Dominik Janzing @ Amazon Research
Abstract:
Asking for the “root cause(s)” of a singular event is at the heart of human attempts to understand what happened. Nevertheless, we were not able to find a satisfactory formalization of “Root Cause Analysis (RCA)” for our business. We have therefore proposed a framework for RCA of anomalies [1] and distribution change [2] that looks sufficiently general for a wide range of use cases based on structural equation models or graphical causal models. It quantifies in percentage to what extent each node contributes to the respective event, based on well-defined statistical and causal principles (also available as open source code in DoWhy [3]). I will, however, also mention cases where our implicit notion of root causes RCA also seems to be rely on normative expectations rather than on statistics and causality alone.
References:
[1] Kailash Budhathoki, Lenon Minorics, Patrick Bloebaum, Dominik Janzing: Causal structure-based root cause analysis of outliers, ICML 2022
[2]Kailash Budhathoki, Dominik Janzing, Patrick Bloebaum, Hoiyi Ng : Why did the distribution change?
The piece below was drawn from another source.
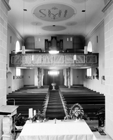 Nach dem Eintritt durch das Portal gelangt man in einen Vorraum, in dem rechts und links die Spindeltreppen zur Empore führen. An zwei Türstürzen befindet sich die Jahreszahl 1750. Der eigentliche Innenraum präsentiert sich als Saal mit Spiegeldecke und profiliertem Kehlgesims. Der Altarraum ist durch einen runden Chorbogen auf profilierten Kämpfern vom Schiff getrennt. Der große Hauptaltar aus Stuckmarmor stammt ursprünglich aus der im Jahre 1770 abgerissenen Fuldaer Stadtpfarrkirche. Zwischen den kräftigen, blauschwarz marmorierten korinthischen Säulen in leichter Schrägstellung stehen unter Vorhängen die Assistenzfiguren des Erzengel Michael und ein Schutzengel mit Kind. In der Mitte über dem großen Tabernakelaufbau mit dem Lamm Gottes und Vasen befindet sich ein barocker Kruzifixus. Auf dem waagerechten Gebälk sitzen jubilierende Engel und ein Strahlenauge Gottes. Zur weiteren Ausstattung zählen die holzgeschnitzten barocken Seitenaltäre sowie einige Holzplastiken an den Chor- bzw. Schiffsseitenwänden, die z. T. aus dem 19. Jahrhundert stammen. Die rückwärtige Orgelempore ruht auf vier Holzsäulen, das Orgelprospekt wurde erneuert. Die katholische Kirche St. Laurentius mit ihrer reichen Ausstattung ist ein gutes Beispiel für den sogenannten Fuldaer Barock.

AISTATS 2021
[3] DoWhy: An end-to-end library for causal inference, https://py-why.github.io/dowhy/v0.8/
Bio:
Research interests:
novel causal inference methods and their foundation
physics of causality and information flow
notions of complexity and their application in machine learning
statistical methods
statistical physics, in particular the link between causality and the second law of thermodynamics.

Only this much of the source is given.